* **Problem to solve**
Below are records with pictures. Transcribe exactly, and only, the lines from the line with "Ориентировочно так, схема" to the line with "The ransomware has", both ends included, but not the pictures.

* **Provided data**
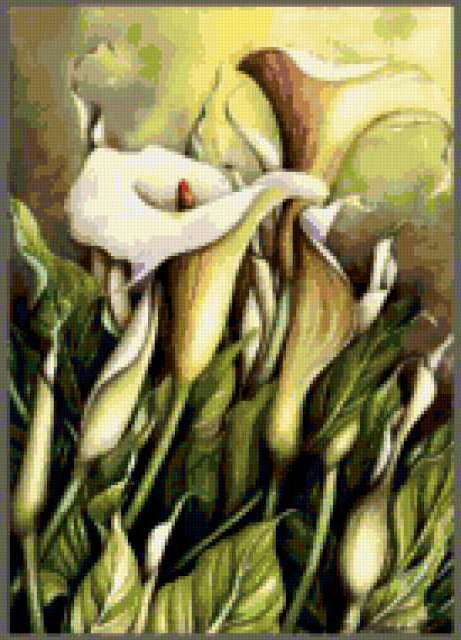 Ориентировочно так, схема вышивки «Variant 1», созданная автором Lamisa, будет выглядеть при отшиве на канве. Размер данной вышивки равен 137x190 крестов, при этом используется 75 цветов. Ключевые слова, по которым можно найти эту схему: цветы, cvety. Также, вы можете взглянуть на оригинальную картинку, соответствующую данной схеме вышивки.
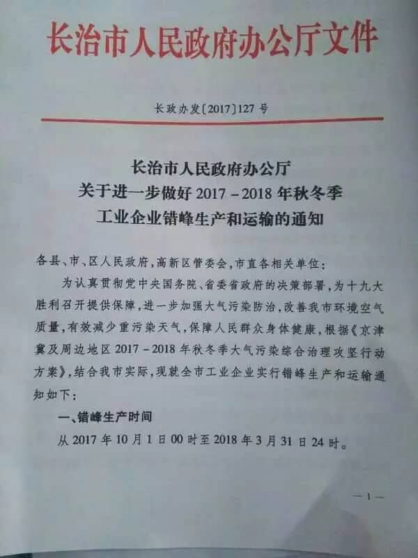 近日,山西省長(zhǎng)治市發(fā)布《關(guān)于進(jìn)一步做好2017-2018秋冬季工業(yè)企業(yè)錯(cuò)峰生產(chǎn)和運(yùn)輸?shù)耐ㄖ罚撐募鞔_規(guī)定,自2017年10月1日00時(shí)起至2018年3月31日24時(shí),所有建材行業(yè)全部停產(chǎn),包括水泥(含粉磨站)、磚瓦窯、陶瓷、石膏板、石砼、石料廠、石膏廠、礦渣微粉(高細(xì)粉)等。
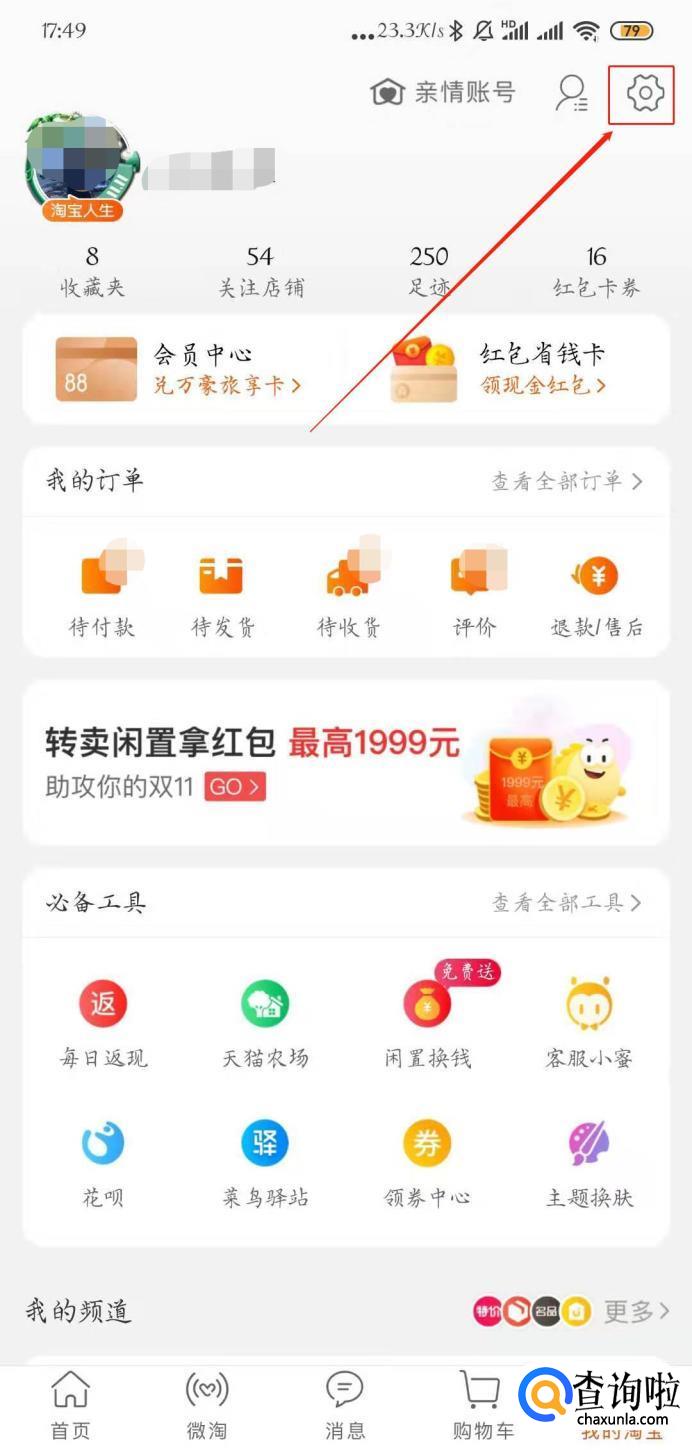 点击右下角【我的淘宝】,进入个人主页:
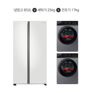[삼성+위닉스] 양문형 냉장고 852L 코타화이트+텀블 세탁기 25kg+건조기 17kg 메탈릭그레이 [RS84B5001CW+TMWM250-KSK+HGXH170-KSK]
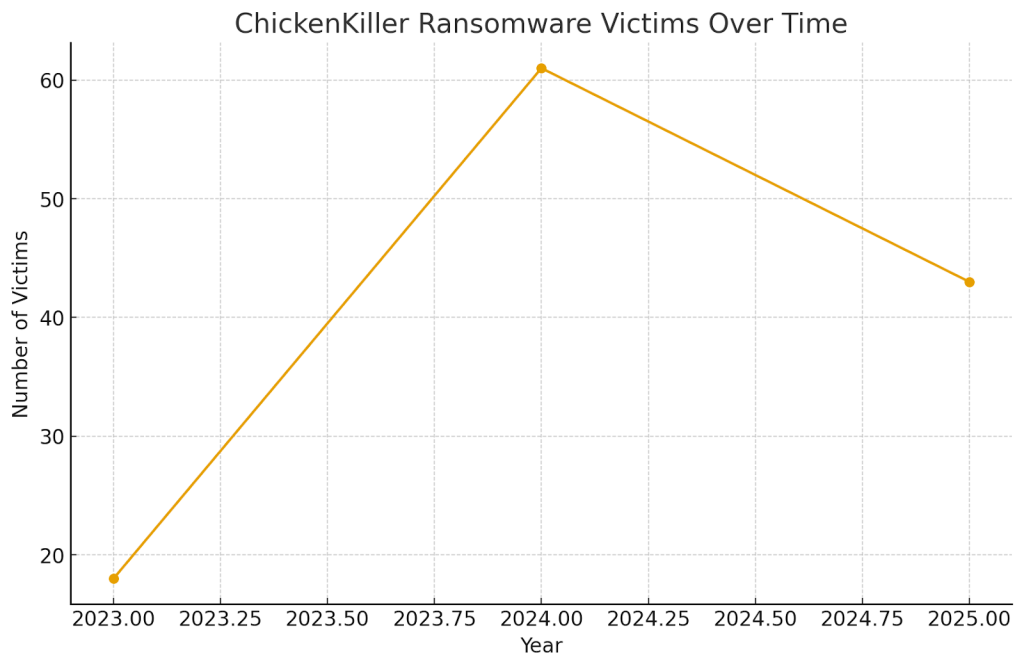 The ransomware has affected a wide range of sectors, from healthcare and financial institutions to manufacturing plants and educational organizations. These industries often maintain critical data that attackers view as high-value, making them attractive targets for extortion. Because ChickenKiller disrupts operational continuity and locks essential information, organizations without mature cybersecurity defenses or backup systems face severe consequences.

* * *

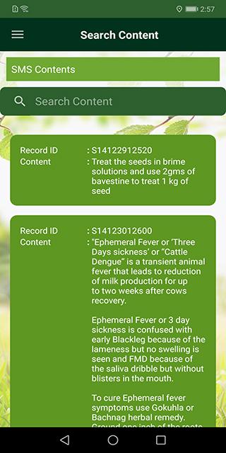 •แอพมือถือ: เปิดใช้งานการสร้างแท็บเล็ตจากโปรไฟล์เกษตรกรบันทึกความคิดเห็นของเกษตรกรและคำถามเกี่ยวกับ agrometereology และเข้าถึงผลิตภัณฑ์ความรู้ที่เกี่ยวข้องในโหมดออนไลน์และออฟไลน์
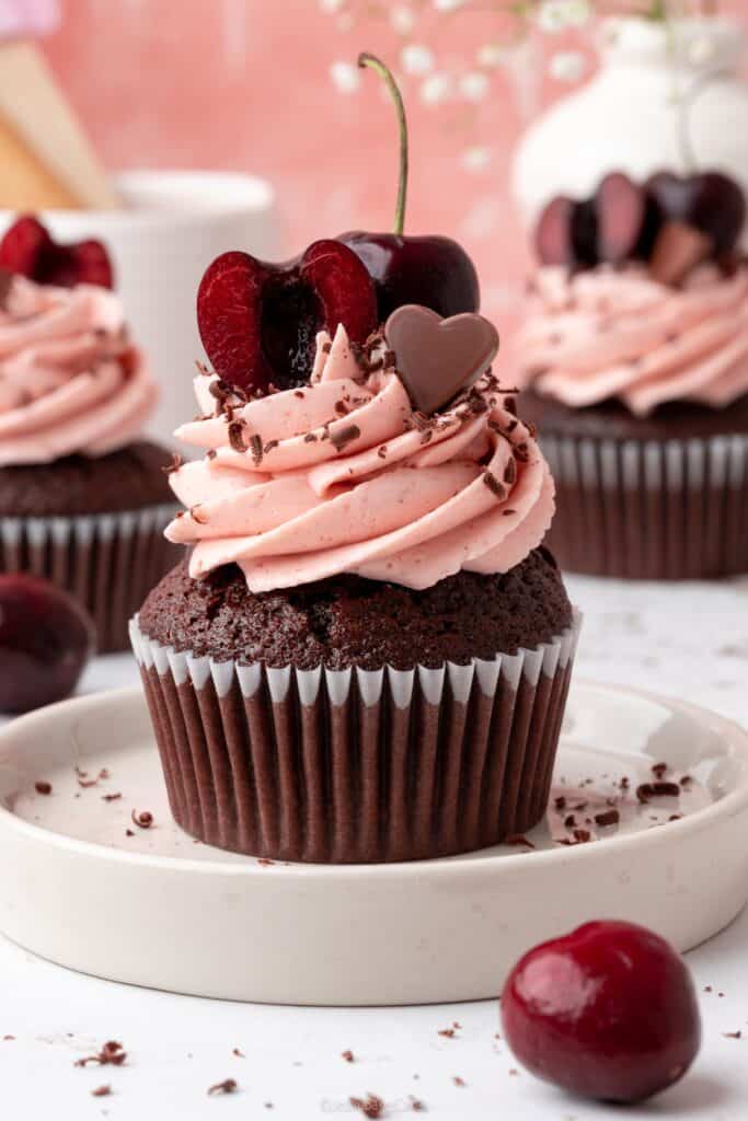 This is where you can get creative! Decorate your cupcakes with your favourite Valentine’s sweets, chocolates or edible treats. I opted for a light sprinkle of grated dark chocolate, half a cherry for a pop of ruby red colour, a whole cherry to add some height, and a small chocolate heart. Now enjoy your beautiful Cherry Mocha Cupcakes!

* **Result of the exercise**
 Ориентировочно так, схема вышивки «Variant 1», созданная автором Lamisa, будет выглядеть при отшиве на канве. Размер данной вышивки равен 137x190 крестов, при этом используется 75 цветов. Ключевые слова, по которым можно найти эту схему: цветы, cvety. Также, вы можете взглянуть на оригинальную картинку, соответствующую данной схеме вышивки.
 近日,山西省長(zhǎng)治市發(fā)布《關(guān)于進(jìn)一步做好2017-2018秋冬季工業(yè)企業(yè)錯(cuò)峰生產(chǎn)和運(yùn)輸?shù)耐ㄖ罚撐募鞔_規(guī)定,自2017年10月1日00時(shí)起至2018年3月31日24時(shí),所有建材行業(yè)全部停產(chǎn),包括水泥(含粉磨站)、磚瓦窯、陶瓷、石膏板、石砼、石料廠、石膏廠、礦渣微粉(高細(xì)粉)等。
 点击右下角【我的淘宝】,进入个人主页:
[삼성+위닉스] 양문형 냉장고 852L 코타화이트+텀블 세탁기 25kg+건조기 17kg 메탈릭그레이 [RS84B5001CW+TMWM250-KSK+HGXH170-KSK]
 The ransomware has affected a wide range of sectors, from healthcare and financial institutions to manufacturing plants and educational organizations. These industries often maintain critical data that attackers view as high-value, making them attractive targets for extortion. Because ChickenKiller disrupts operational continuity and locks essential information, organizations without mature cybersecurity defenses or backup systems face severe consequences.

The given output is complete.